Docker, Kubertnetes, and other containerized tech tools allow software engineers to isolate the environment in which an application runs, permitting rapid scalability as user traffic grows. Employers increasingly demand these skills.
As noted in an earlier post, Docker was far and away the fastest-growing tech skill in the five years through September 2019, Indeed said. The rise of Kubernetes is more recent. Kubernetes was the most widely used tool in the list of skills that rose most quickly in the year ending September 2019, ranking ninth.
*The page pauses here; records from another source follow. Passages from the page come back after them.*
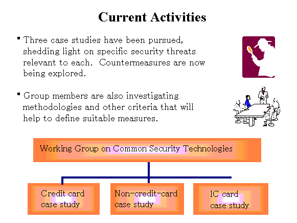ECOM has set up the following working groups to look into the problem of security from various different angles: Working Group on Common Security Technologies, Working Group on Personal Authentication, Working Group on IC Cards, Working Group on Certification Authority.
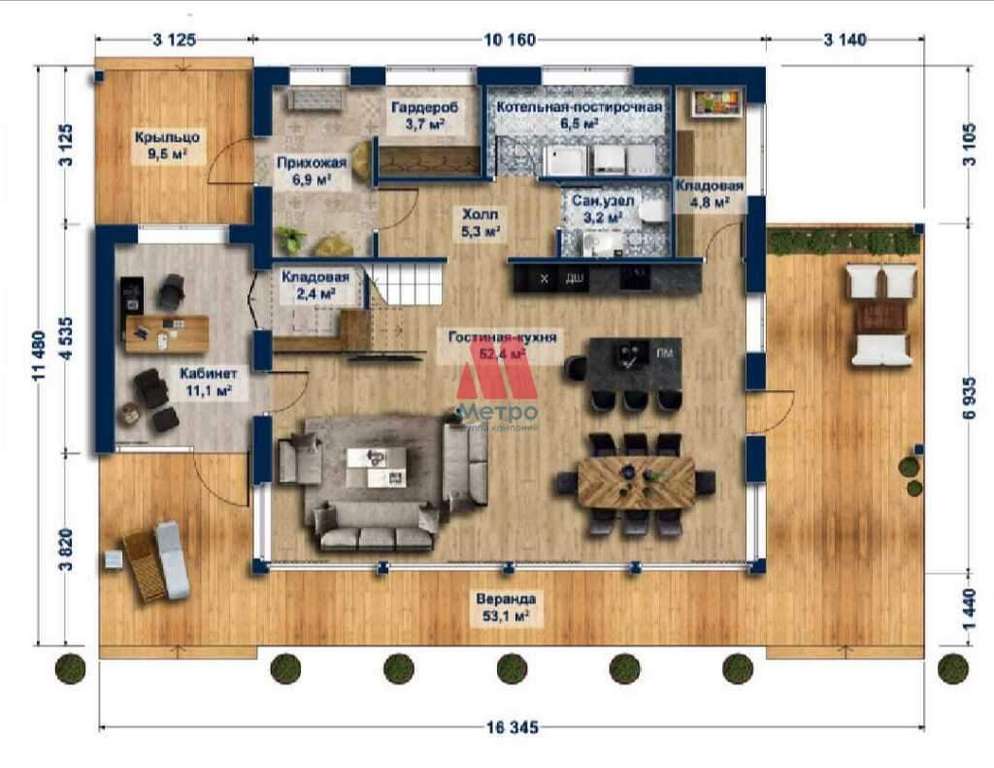 - Площадь дома
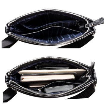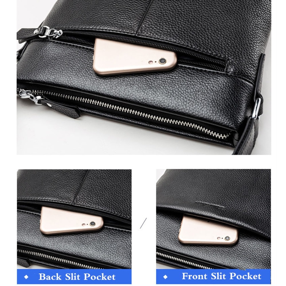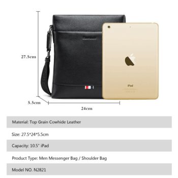 Modèle NON. N2821. Matière: cuir de vachette Grain supérieur. Taille: 27.5*24*5.5 cm. Capacité: 10.5 « iPad. Couleur: noir/café.
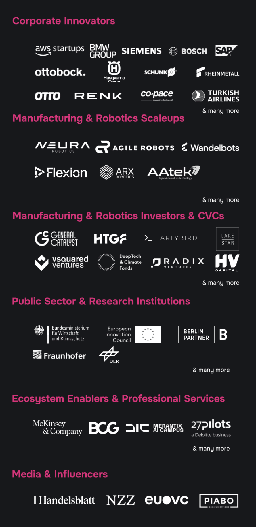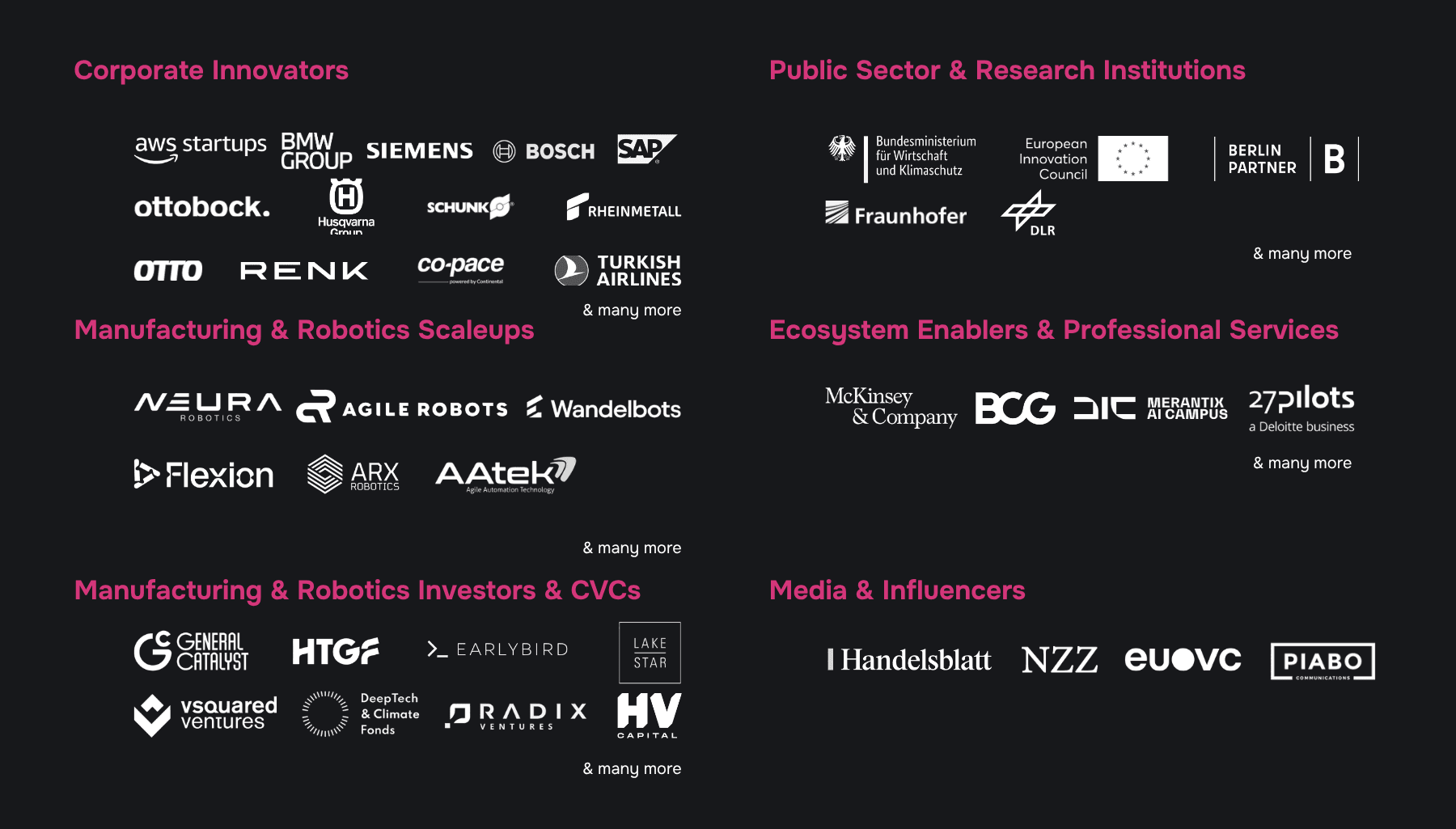 Enterprise robotics and manufacturing leaders across automotive, food & beverage, logistics, critical infrastructure and industrial sectors — alongside next-gen providers in industrial robotics, automation platforms, digital twins and embodied AI, and investors from VCs to LPs.

As with containerization tools, cloud computing products like Amazon Web Service (AWS) and Azure have also skyrocketed. AWS is now the sixth overall tech skill, and Azure is 17th. In just a few years, cloud computing has moved from a cutting-edge skillset to a standard and widespread part of the workflow for many tech employees.

Data science goes big

A plethora of big data tech tools allow data scientists and engineers to work with massive data sets. These tools typically provide either computational power spread across multiple computer clusters or the cloud or a predictive modeling apparatus that uses machine learning, deep learning, neural networks, or various other statistical techniques, Indeed said.
Big data processing tools like Redshift, Spark, and Google’s machine learning library Tensorflow have soared. Spark’s growth is particularly stunning, up more than 10-fold since 2014. As data science becomes a proportionally bigger part of the tech job landscape, programming languages tailored for this discipline, notably Python and the statistical programming language R, grow in popularity too. R more than doubled in the five years through September 2019, growing 6% in the past year alone. Python is up 123% over the five-year period and 12% in the past year.
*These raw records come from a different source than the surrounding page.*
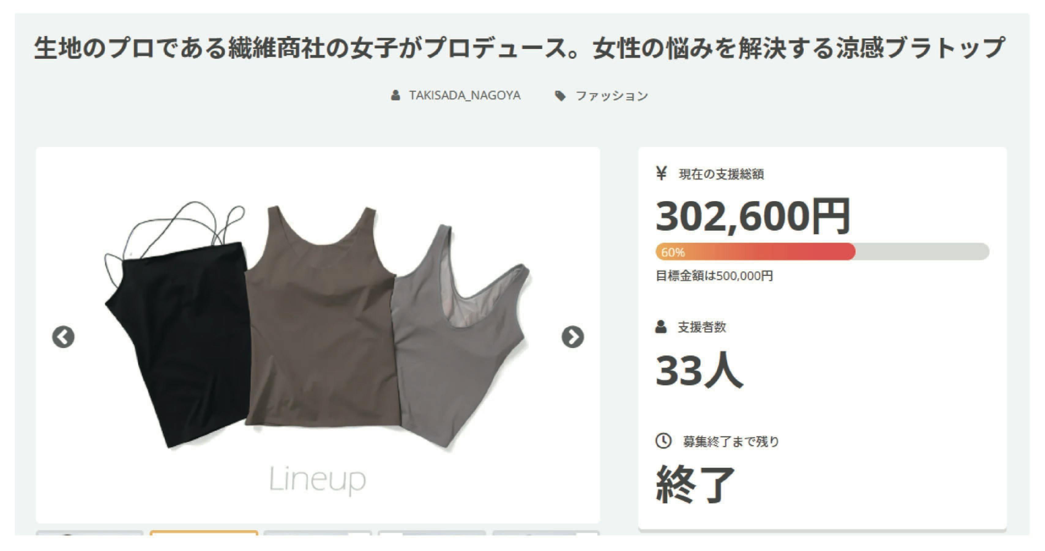 残念ながら目標を達成することはできませんでしたが、新素材の良さを知っていただく機会となりました事、とても嬉しく思います。
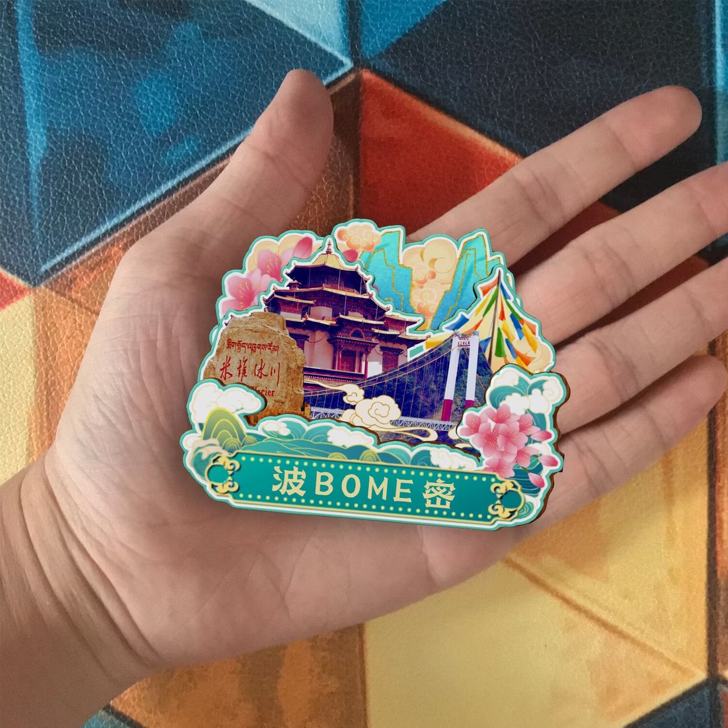 2. Hergestellt aus MDF-Dichteplatte, mit einem runden Magneten auf der Rückseite und einer Schicht BOPP-Glanzfolie auf der Musteroberfläche;
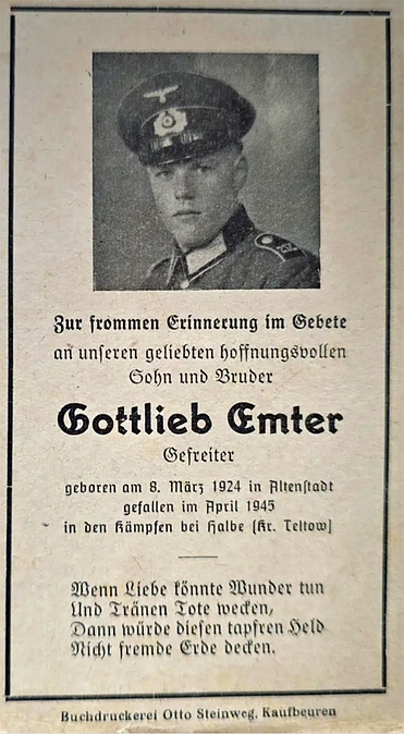 Gefreiter | EMTER | Gottlieb | 08.03.1924 Altenstadt | 04.1945 bei Halbe, Kreis Teltow | Kriegsgräberstätte in Halbe (Deutschland) |
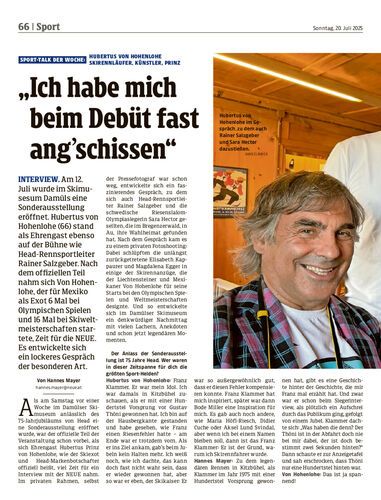 Interview. Am 12. Juli wurde im Skimusesum Damüls eine Sonderausstellung eröffnet. Hubertus von Hohenlohe (66) stand als Ehrengast ebenso auf der Bühne wie Head-Rennsportleiter Rainer Salzgeber. Nach dem offiziellen Teil nahm sich Von Hohenlohe, der für Mexiko als Exot 6 Mal bei Olympischen Spielen und 16 Mal bei Skiweltmeisterschaften startete, Zeit für die NEUE. Es entwickelte sich ein lockeres Gespräch der besonderen Art.
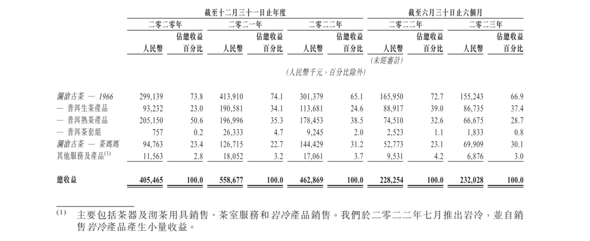 据了解,澜沧古茶旗下主要有1966、茶妈妈及岩冷三大产品线,其中1966专注经典普洱茶的产销,同时也是公司的业绩主力军。招股书显示,2020-2022年,澜沧古茶1966系列产品的营收分别为2.99亿元、4.14亿元、3.01亿元,占公司总营收的比例基本保持在7成左右。
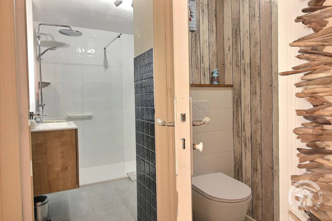 „Tout était parfait. I manque une chose: Une 2eme pièce d'eau et toilettes. Pour 6 personnes celle existante est à mon avis insuffisante. Mais ça ne gâche pas les vacances dans un si beau gîte !“
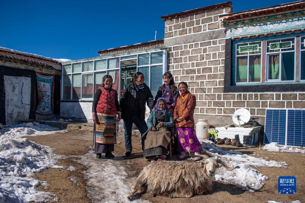 旦增卓玛(右二)和家人们一起合影(1月18日摄)。新华社记者 孙瑞博 摄
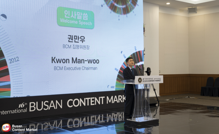 ▲ 8일 오전 진행된 투자협약식에서 환영사를 진행 중인 권만우 집행위원장.Welcome Speech from Mahn-Woo Kwon, Chief Commissioner of the Busan Content Market © 김중건
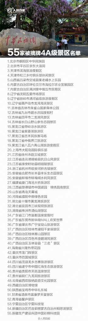 人民日報記者王珂消息,國家旅游局今日通報,截至目前,全國31個省區市均已完成對本地4A級及以下景區檢查,共有367家4A級及以下景區受到不同程度處理。其中,107家A級景區被摘牌,包括55家4A級景區,黑龍江5家、吉林、廣西各4家、遼寧、江蘇、廣東各3家。
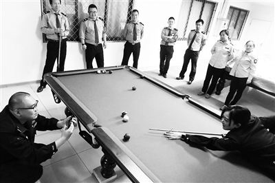 “别动,抬下头。”如果不说,您肯定看不出这是比赛现场。昨天,公交电车公司七队工会联合北京市公安局公交安保分局东直门站派出所、公联枢纽公司东直门交通枢纽站举办“三公”台球赛,三家单位的台球高手在工作之余聚到一起,切磋球技。比赛氛围轻松愉快,职工们打球中还不忘给队友拍照。

Proprietary data analysis software Tableau has grown remarkably for a non-open source tool. Most other proprietary analytical tools, such as MATLAB and SAS, are flat or declining. Stata is another proprietary statistical tool, but it’s up 40% over five years, albeit from an extremely low base. Python is not included in the figure because its scale is so much bigger — it’s the third-ranking tech skill overall — and is not strictly a data science tool.
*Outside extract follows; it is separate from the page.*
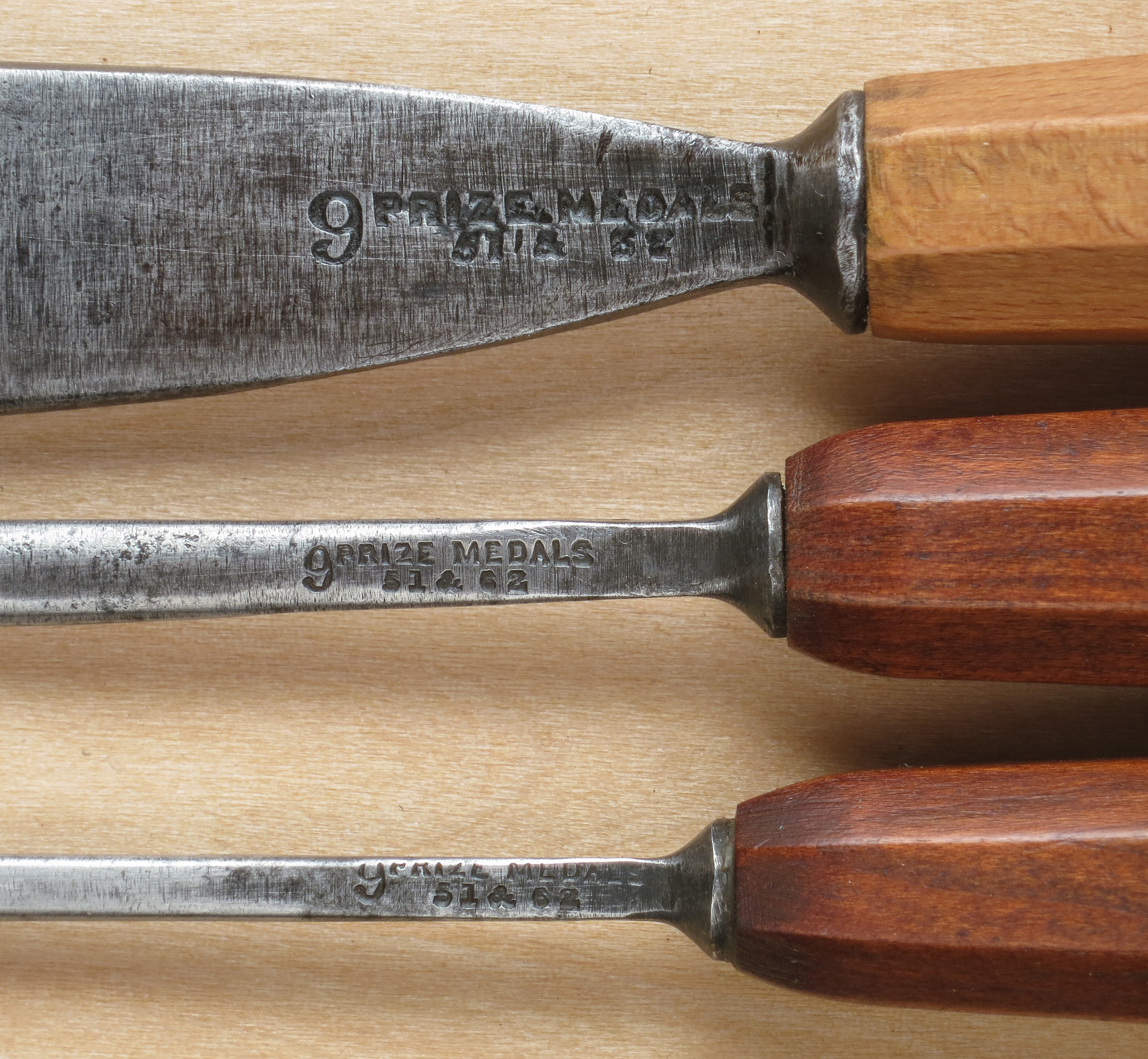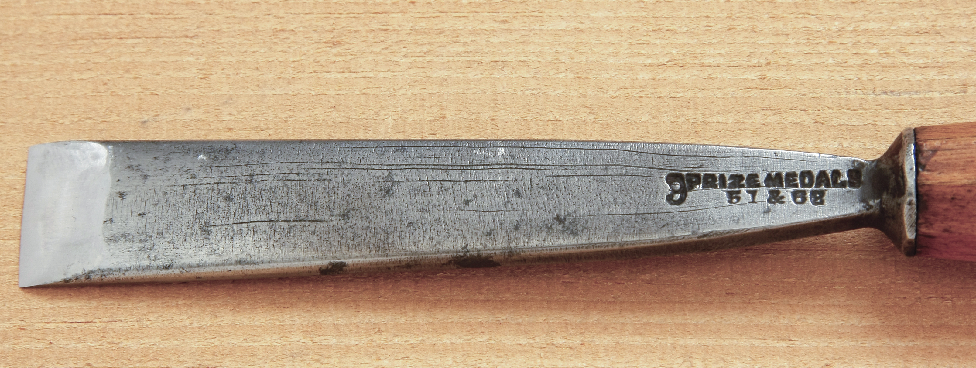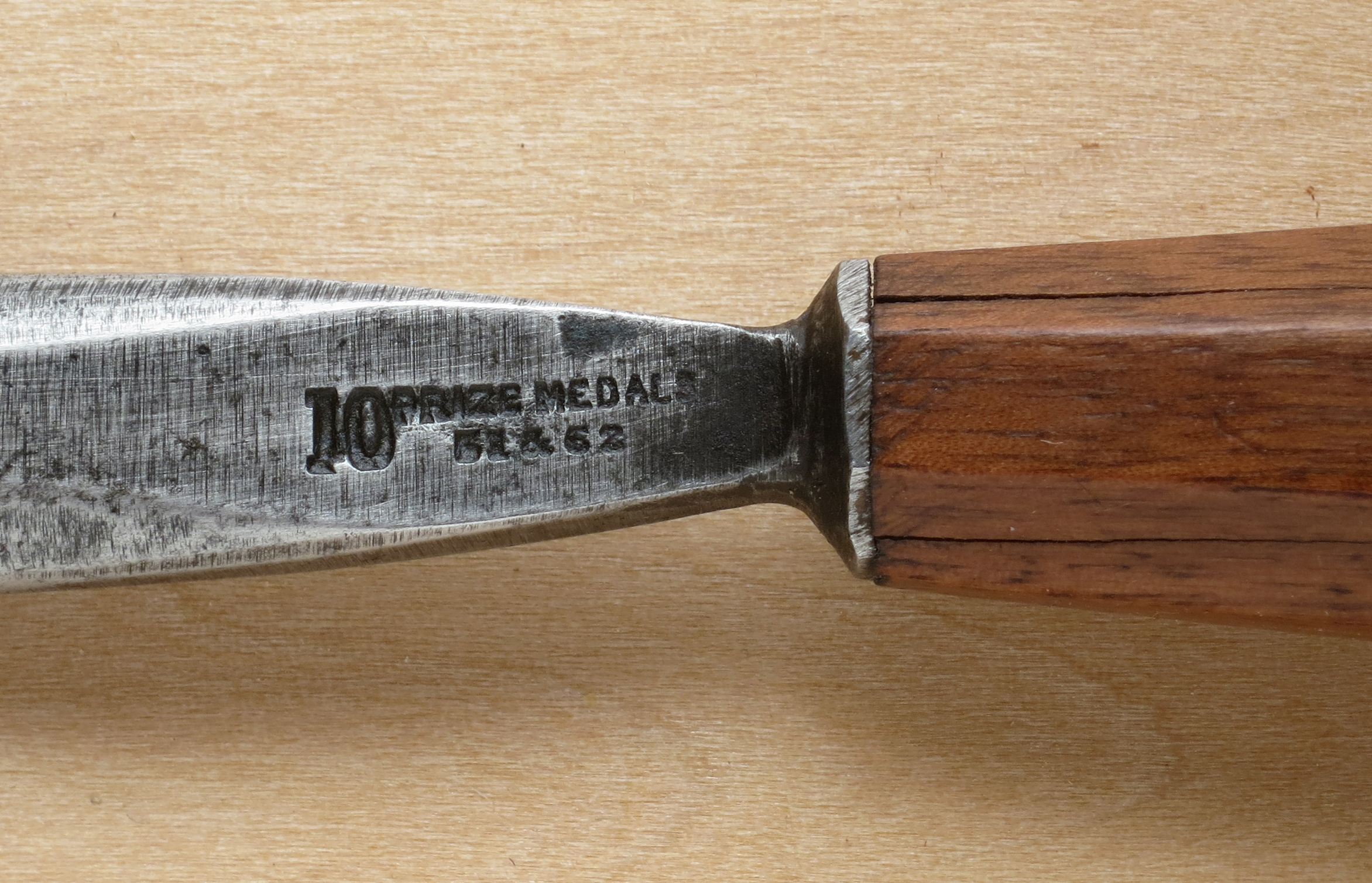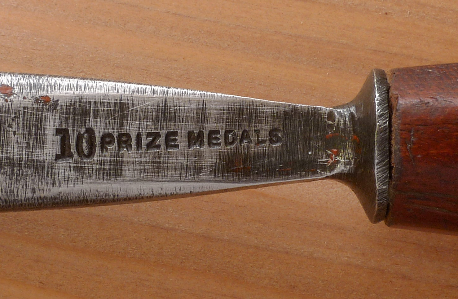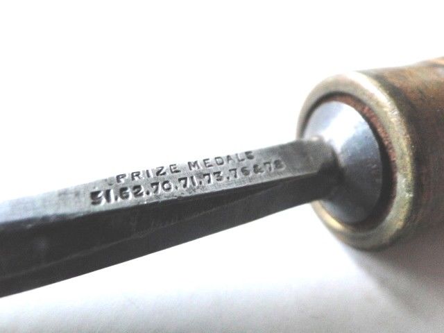 Reverse of the carving gouge in the previous slide. 10 PRIZE MEDALS. The 51 & 62 dates have been eliminated in this imprint. 1895-1910. Storb Collection.

But data science is not just about software tools. Data scientists must also master important statistical and mathematical methods to effectively perform such functions as creating predictive models of consumers; forecasting sales; and recommending movies to watch, items to purchase, or people to follow. Thus, data science disciplines like machine learning and artificial intelligence are among the fastest-growing tech skills appearing in Indeed job postings.

Conclusion

These three big-picture tech skill trends — rapid innovation in web development, surging demand for cloud computing and containerization skills, and data science software tools and disciplines designed to capitalize on the explosion of information — represent the leading edge of the always rapidly evolving tech sector. So what are the top skills needed for specific tech jobs? Indeed is working on that report next.